Tuesday, February 14, 2012

Tú, para yo vivir.





Desde que te conozco, has estado ahí para mí. Al final del día, sea cual sea mi prioridad, en ese instante, siempre vuelvo a tí. 


Aprecio tu compañía como ninguna otra. Y tu constancia y lealtad para conmigo me abisman. 


No es por diplomacia que te correspondo de la misma manera. Es porque nos complementamos, y esa reciprocidad surge como un acto natural.

Así como a mi misma, cada día voy descubriéndote como eres. Evolucionamos, parecemos fluir a un mismo ritmo.

Te quiero porque me arrullas, y me entiendes; porque no me juzgas y catalizas mis emociones. Provocas muchas también, y sea lo que sea que guardo dentro de mí, tú lo sacas de la mejor forma. Eres mi memoria, muchas veces mi máquina del tiempo, y las historias que me cuentas, sean ciertas o no, me conmueven.  Te quiero como eres y porque dices las cosas como las sientes. Porque te has aguantado desde mis peores agonías hasta mis euforias más delirantes. Me sigues la corriente, me alegras, y también me haces llorar en cuestión de segundos. 

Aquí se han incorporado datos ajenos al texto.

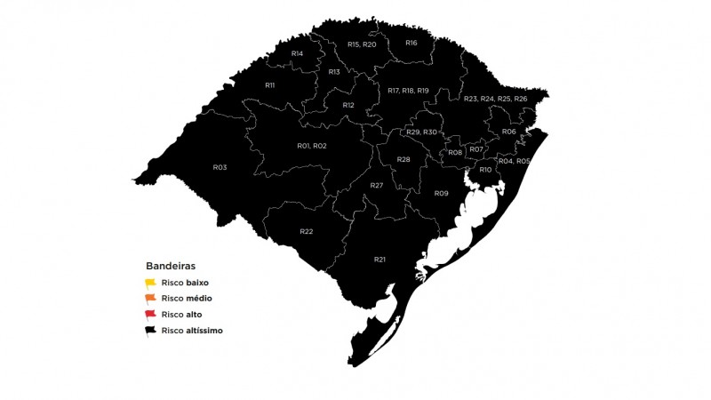 O governo do Estado anunciou, nesta sexta-feira (16), a manutenção de todas as regiões gaúchas em bandeira preta no sistema de distanciamento controlado, que completou 50 semanas. É a oitava semana consecutiva com essa classificação – o nível de risco mais grave do modelo. Segundo o governo, ocorreram melhorias em alguns indicadores, mas que não alteram a classificação final.

Si canto es por tí. Y si jamás llego a sentirme sola, es porque estas conmigo.

Muchas veces he tratado de imaginarme el gran vacío que quedaría en mi vida, de no tenerte. Definitivamente no me lo imagino, y no sería nada fácil sobrellevar un solo día en tu ausencia. Sin armonía, sin un acorde o melodía. No sin música, así no. No sin tí.



Caro.

1 comment:

Henry S. said...

Precioso.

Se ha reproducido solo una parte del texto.